SWIPLit
Federal Circuit Expressly Allows Trial Courts to Stay Damages Until After an Appeal in a Patent Infringement Case
On June 14, 2013, the Federal Circuit issued a decision in Robert Bosch, LLC v. Pylon Manufacturing Corp., No. 2011-1363, that may reduce litigation expenses in some patent cases. As a result of this decision, a trial court is expressly allowed to bifurcate the issue of damages and willfulness, and even to stay all discovery on damages and willfulness, until the conclusion of an appeal on the trial court’s judgment on liability.
In patent cases, the statutory provisions of 28 U.S.C. § 1292(c)(2) confer appellate jurisdiction over an appeal in a case from a judgment that is “final except for an accounting.” Historically, an “accounting” in a patent case was a proceeding in a court of equity to determine an adjudged infringer’s profits. See Providence Rubber Co. v. Goodyear, 76 U.S. 788, 804 (1869) (describing an accounting in detail).
The Federal Circuit’s opinion traced the historical development of the law and the evolution of remedies in patent cases to allow for the recovery of a reasonable royalty as the measure of a patentee’s damages, and to allow the calculation of a reasonable royalty as part of an accounting. The Court of Appeals also reviewed the legislative history of the statute and its predecessor statutes. The Court reached the conclusion that, in the statute, the term “accounting” includes a determination of both a determination of damages and profits, and also means a trial on damages.

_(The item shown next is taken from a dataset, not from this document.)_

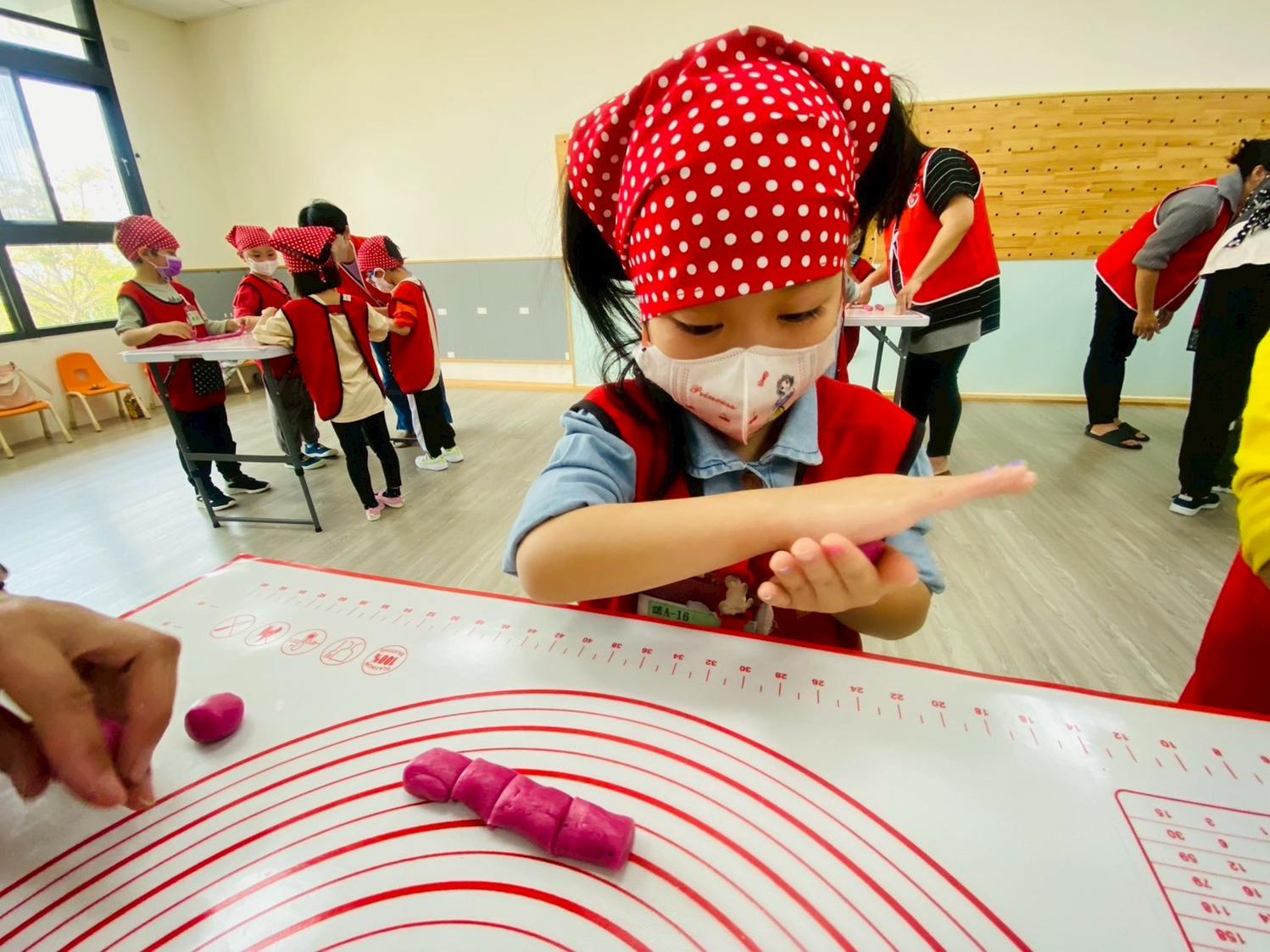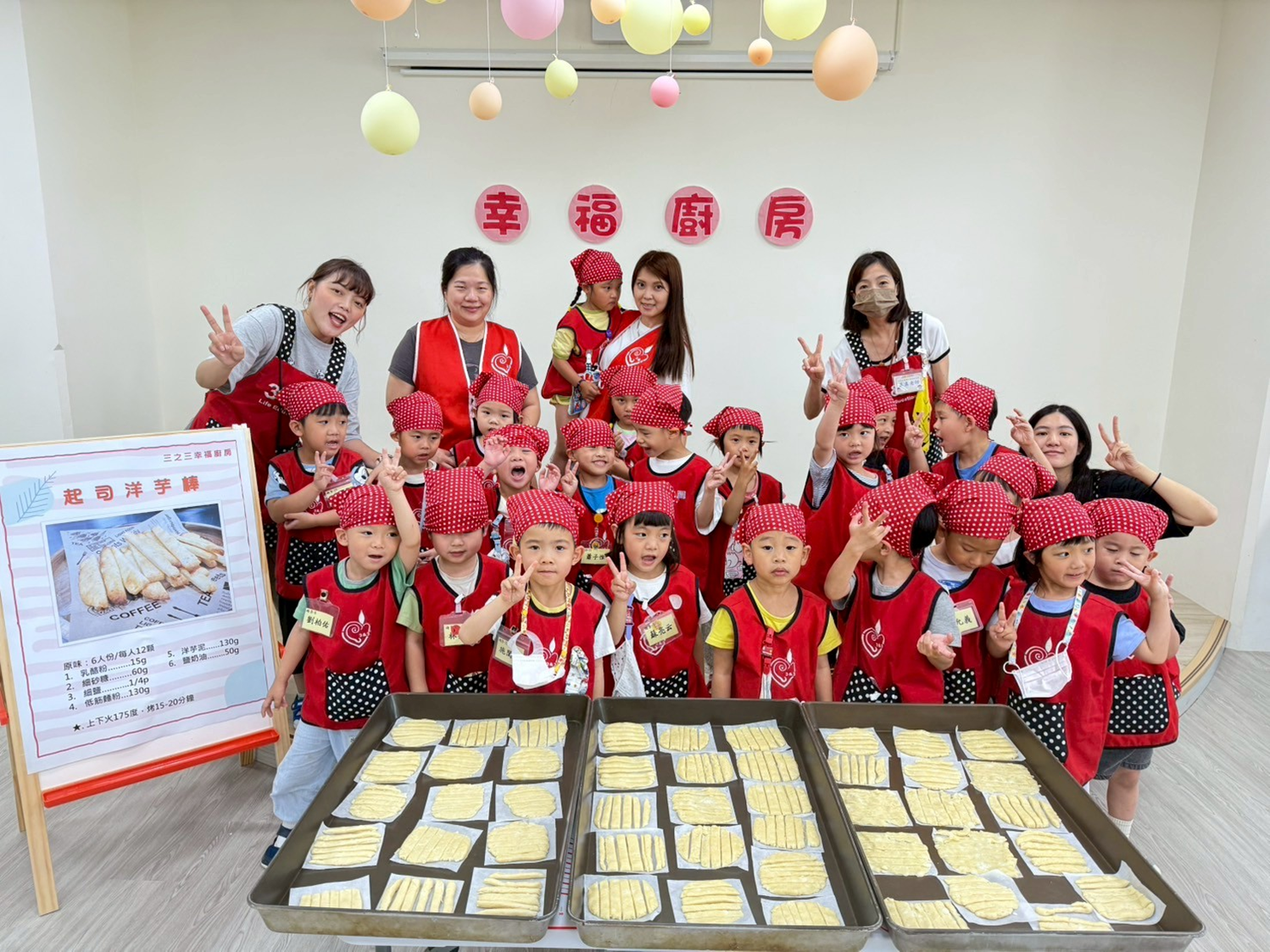 今天的烘焙活動讓孩子們體驗滿滿!老師先介紹各種食材,讓幼兒看到馬鈴薯的原貌,認識它的外形與顏色,並聞一聞香濃的起司粉,開啟味覺與嗅覺的探索之旅。接著,孩子們依照步驟將粉類食材過篩,並與同學一起分工合作攪拌,過程中歡笑聲不斷。感謝老師與志工家長們的耐心協助,活動最後還一起合影留念。香噴噴的起司洋芋棒完成後,孩子們開心地帶回家與家人分享,用美味延續這段幸福的學習時光。

The Federal Circuit also decided that the statute in question allows the court to entertain an appeal from a patent liability determination when willfulness issues are outstanding and remain undecided. In reaching this decision, the Court of Appeals noted that at the time the statute was enacted, the practice of determining willfulness as part of an accounting was well established. The Court found nothing in the legislative history to suggest that when Congress first gave the courts of appeals interlocutory jurisdiction over cases that are final except for an accounting, it intended to disturb the practice of determining willfulness as part of an accounting.

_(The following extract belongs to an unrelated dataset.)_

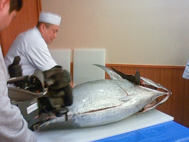 またオープン初日に90キロクラスの本鮪の解体ショーを実施しました。
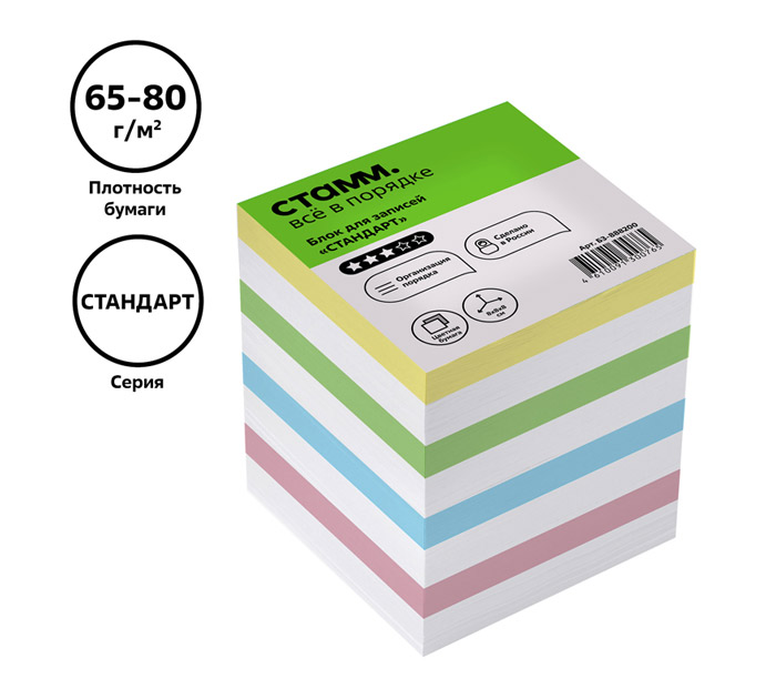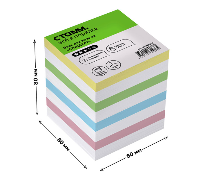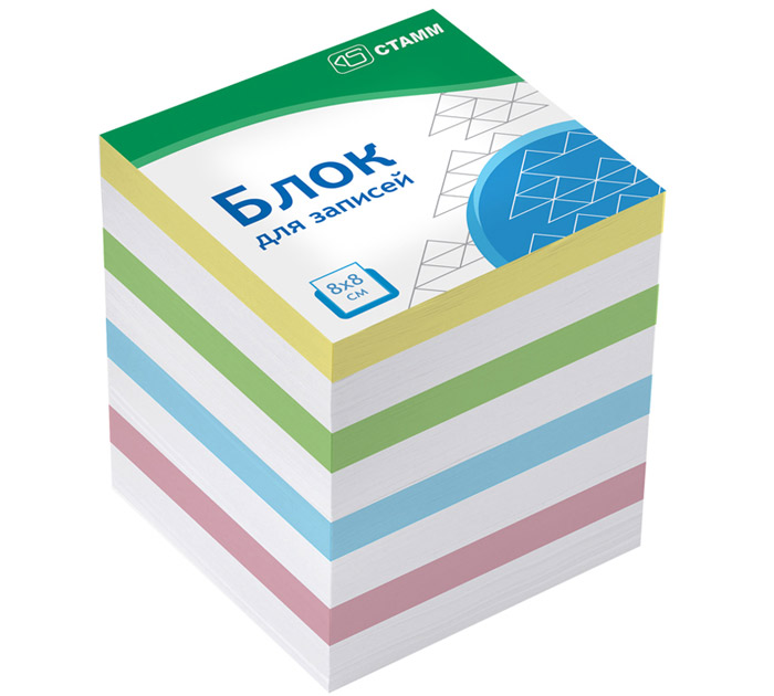 Блок бумажный для записи Стамм «Стандарт» непроклеенный, 80х80х80мм, цветной

Whether a trial court bifurcates the issues of damages and willfulness from a determination on liability remains discretionary. However, the potential drain on scare judicial resources that may be eliminated by postponing the issues of damages and willfulness until after issues of liability have been resolved on appeal will be a powerful argument in favor of bifurcation.
This decision in Robert Bocsh, LLC v. Pylon Manufacturing Corp., was an en banc decision by the entire court.